Magnesium - Uses, Benefits, Sources and Dosage
Magnesium plays the vital role in the generation of ATP in our body. It also plays the role of enzyme co factors and supposed to regulate more than 300 biochemical reaction in the body. Magnesium comes under the category of macro minerals so unlike the other trace elements it is required in the large amounts. Magnesium is considered as the second most abundant element in the human cells. It is responsible to perform the countless functions inside the cells of body. Magnesium exists in the different forms; most accessible and easily absorbed form is the magnesium chloride.
Benefits of Magnesium
- Bone health - Magnesium plays an important role in the bone formation as it helps in the incorporation of calcium into bones. Intake of magnesium improves the bone density and reduces the risk of Osteoporosis in the women. It also helps in the activation of vitamin D.
- Diabetes - It involves in the carbohydrate and glucose metabolism. It is helpful to improve the impaired insulin secretion and thus quite effective for diabetes.
- Heart health - It helps to maintain the healthy levels of lipids in body. Hence it supports the good health of heart.
- Premenstrual syndrome - Magnesium helps to provide relief in symptoms associated with the premenstrual syndrome like insomnia, bloating, swelling in legs, breast tenderness and weight gain.
- Electrolyte balance - It helps to maintain the healthy balance of minerals like calcium, sodium and potassium.
Health Risks of High Intake of Magnesium
High consumption of magnesium results in the various health complication in the individuals. Over dose of magnesium may result in the kidney damage. Excess magnesium causes the impairment of central nervous system which results in paralysis. High intake of magnesium may also results in diarrhea which is further associated with nausea, vomiting and abdominal cramps.
Deficiency of Magnesium
As already discussed magnesium is an important mineral for the several body functions.

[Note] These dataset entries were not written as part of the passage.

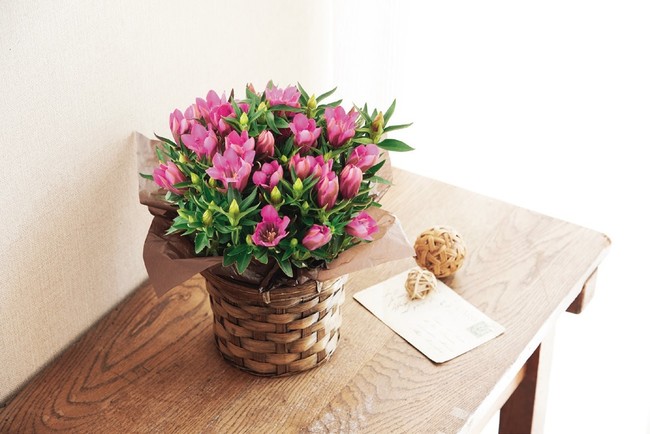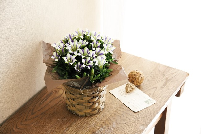 日比谷花壇で人気の可憐さと気品のあるピンク色の花が魅力的なりんどうの鉢植えです。
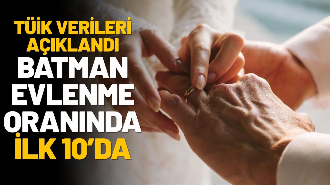 TÜİK’in açıkladığı güncel istatistiklere göre Türkiye genelinde evlenme oranının en fazla olduğu iller arasında Gaziantep, Osmaniye, Şanlıurfa, Adıyaman, Kahramanmaraş, Hatay, Aksaray, Konya, Kilis ve Batman bulunuyor. Listede yer alan Batman, evlilik oranının yüksek olduğu iller arasında öne çıktı.
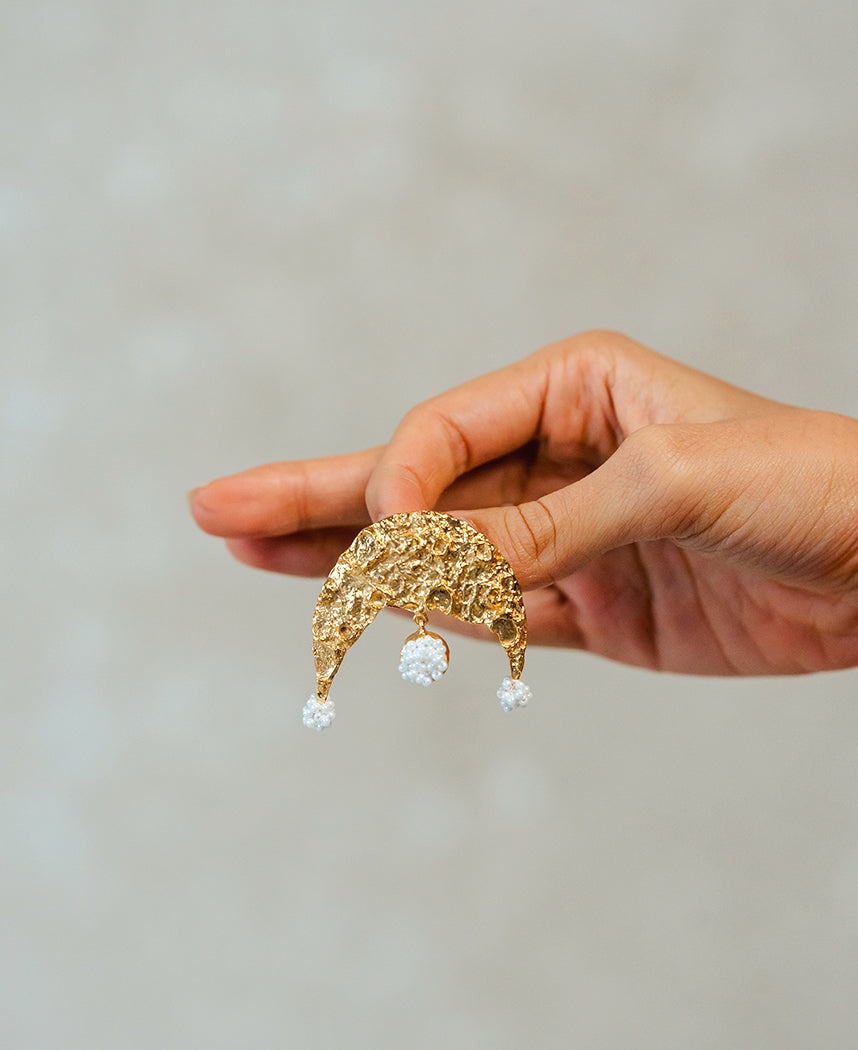 A pair of statement studs in a crescent shape, embellished with glass beads. Size 5 cm. Handcrafted in brass with nickel plating.
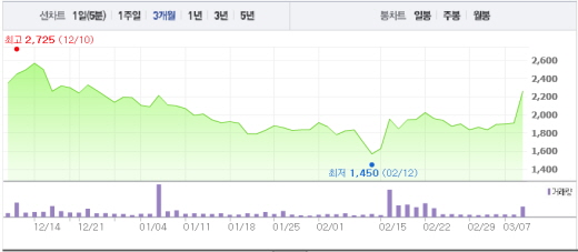 9일 오전 9시15분 쌍방울은 전날보다 17.80%(340원) 오른 2250원에 거래되고 있다.
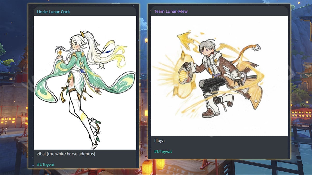 UTeyvat опубликовал сгенерированные нейросетью скетчи Адепта по имени Цзы Бай (Гео, одноручное) и Иллуги из Нод-Края. Как следует из картинки, Белая Лошадь является взрослой девушкой с высокой моделью. По словам инсайдера, её внешность напоминает генерала Фэйсяо, но без лисьих черт.
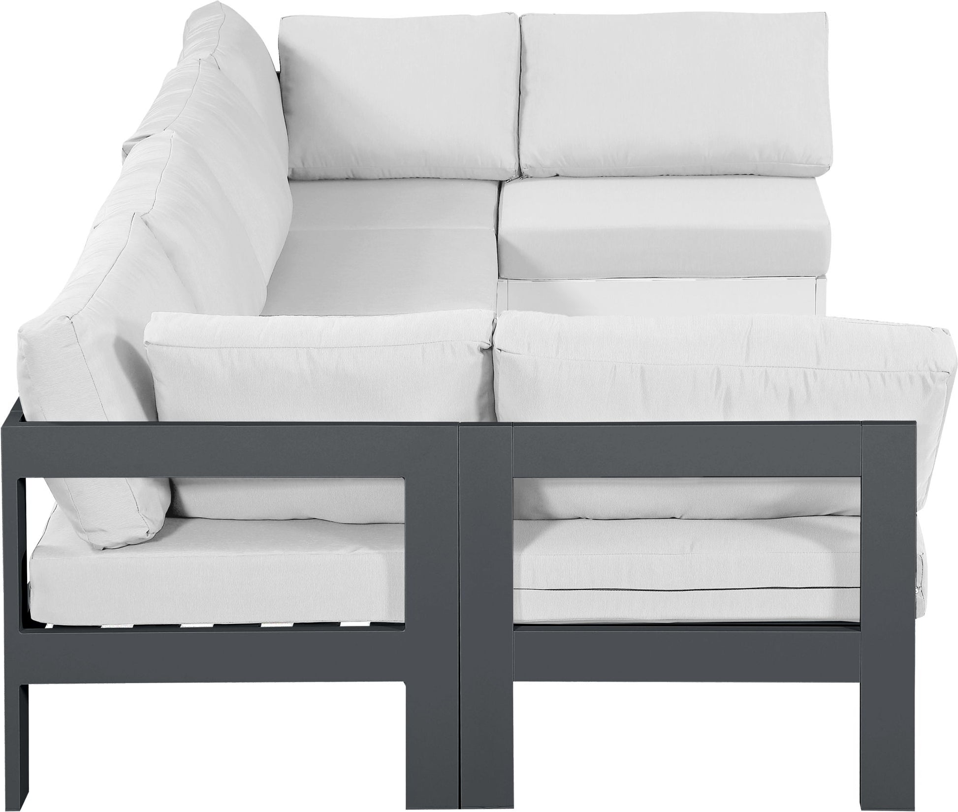 Nizuc - Outdoor Patio 6 Piece Modular U-Shaped Sectional With Gray Frame - White
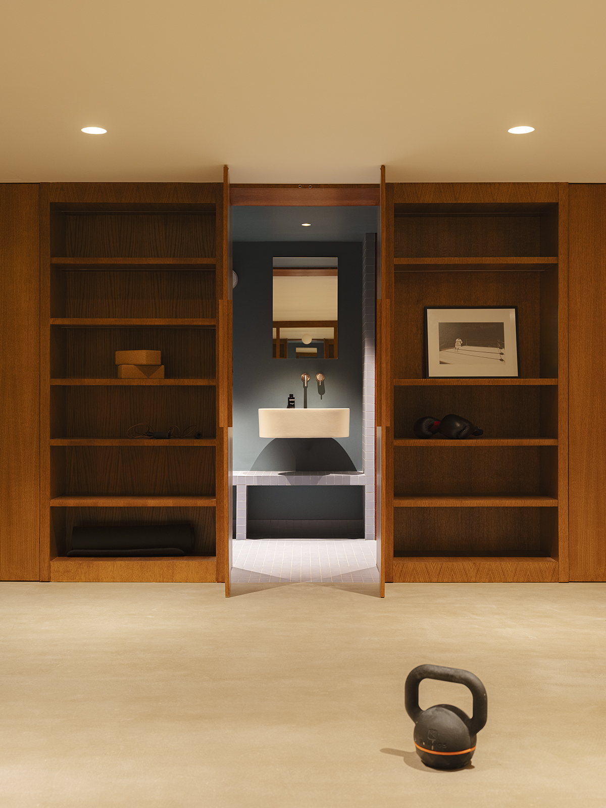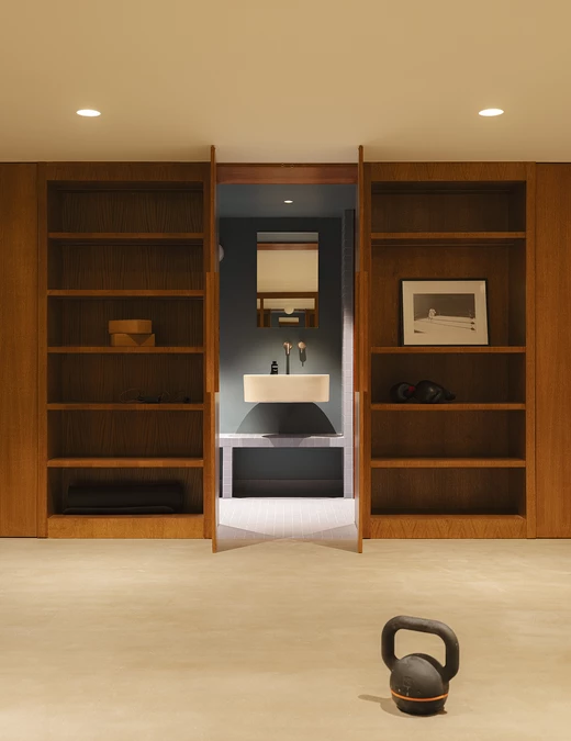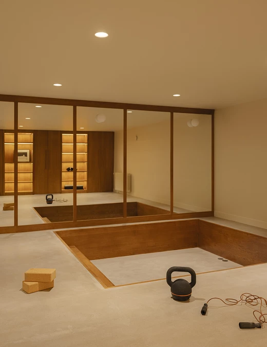 Projektantki zaplanowały w kondygnacji podziemnej też domową siłownię. Aby zadbać o spójność wnętrz, wykorzystały w tej części domu te same wykończenia, co w pozostałych strefach. Obok siłowni znalazło się również miejsce na łazienkę.
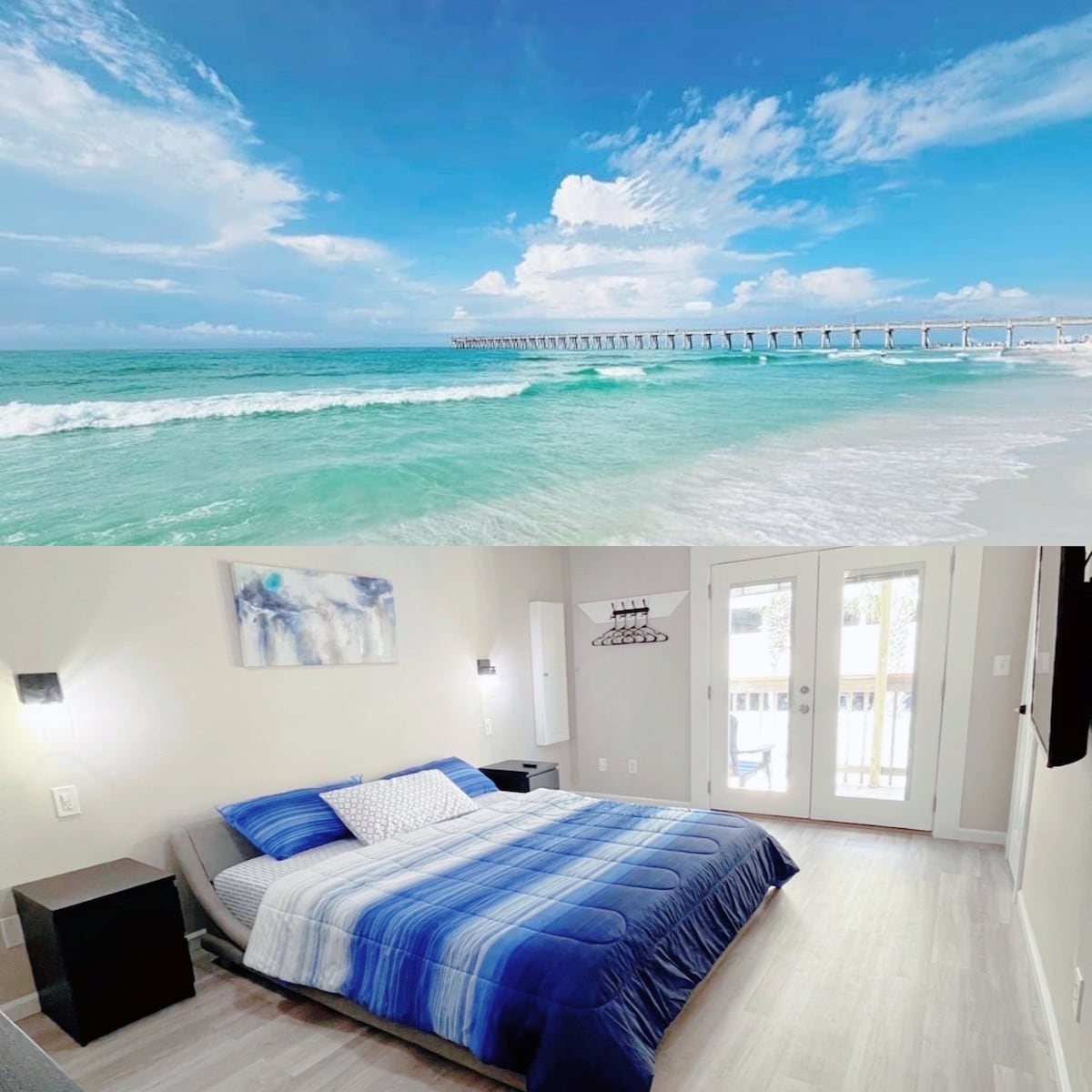 NO EXTRA FEES AFTER BOOKING! Wake up to Gulf views from your PRIVATE BEACHFRONT BALCONY in this charming, low-rise condo. Step directly onto sugar-white sand and emerald waters just outside your door. Enjoy a year-round, seasonally heated pool with an easy walk to Pier Park for dining, shopping, attractions, and nightlife. Looking for different dates or layout? I own 5 condos in this building. Click my host profile, then scroll down to view all of my listings.🌴
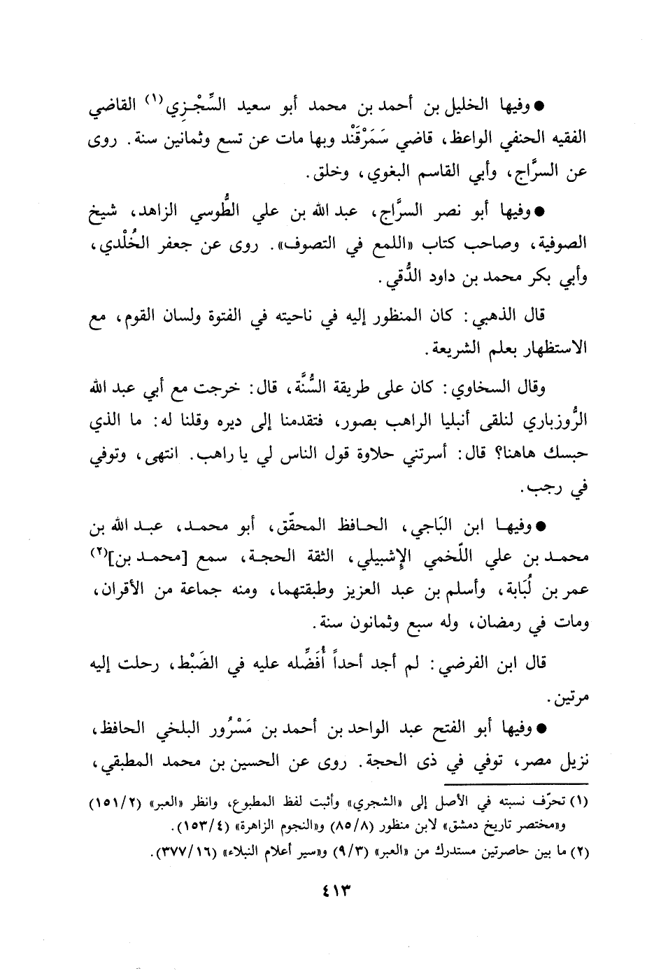 وفيها أبو نصر السرّاج، عبد الله بن علي الطّوسي الزاهد، شيخ الصوفية، وصاحب كتاب «اللمع في التصوف» . روى عن جعفر الخلدي، وأبي بكر محمد بن داود الدّقي.
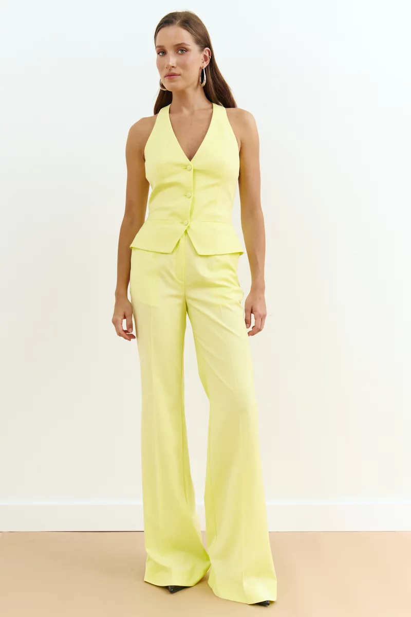 Вместо жакета или блейзера отдайте предпочтение трендовому жилету - это освежит образ. А чтобы он выглядел интереснее, выберите лук в ярком цвете.
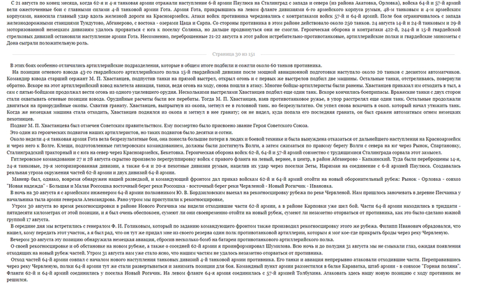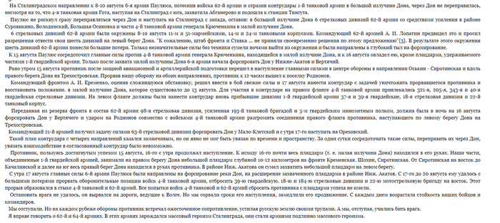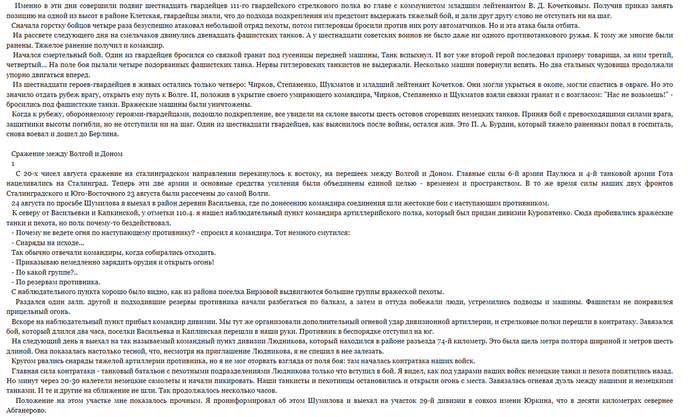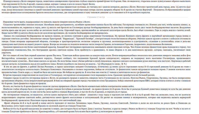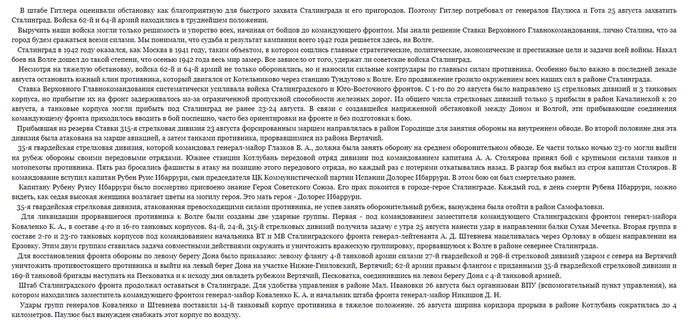 Майор Березкин совсем плох, лежит на кровати и ни кого не реагирует, чтобы хоть как то расшевелить командира, полковой комиссар вслух зачитывает ему письмо из дома. Нам же показывают разных советский солдат, закадровые голоса перебивая друг-друга, зачитывают отрывки из писем. Так нам опять крупных сражений подл Сталинградом не показывают, приведу несколько выдержек из воспоминаний Василия Ивановича Чуйкова.

Deficiency of magnesium results in the various health issues which are given below:-
- Muscle cramps
- High blood pressure
- Weakness in body
- Potassium deficiency
- Chest pain
- Irregular heart beat
- Deficiency of calcium
Food Sources of Magnesium
Green leafy vegetables like spinach, legumes and broccoli are the good source of magnesium. Whole grains, brown rice, black beans, oatmeal, carrot, banana, milk, avocado, cereal, peanuts, banana, almonds, black beans, milk, soymilk and yogurt also contain the significant amounts of magnesium.
Daily Intake Recommendation of Magnesium
- For 0-6 months requirement is 30mg (milligrams)
- For 7-12 months requirement is 75mg.
- For 1-3 years requirement is 80mg.
- For 4-8 years requirement is 130mg.
- For 9-13 years requirement is 240 mg.
- For Males 14 to 18 years magnesium requirement is 410mg.
- For males 19-30 years magnesium requirement is 400 mg.
- For males 31 years magnesium requirement is 420 mg.
- For females 14 to 18 years magnesium requirement is 360 mg.
- For females 19-30 years magnesium requirement is 310 mg.
- For females above 31 years magnesium requirement is 320 mg.
- For pregnant mothers magnesium requirement is 350mg.
- For lactating mothers magnesium requirement is 310 mg.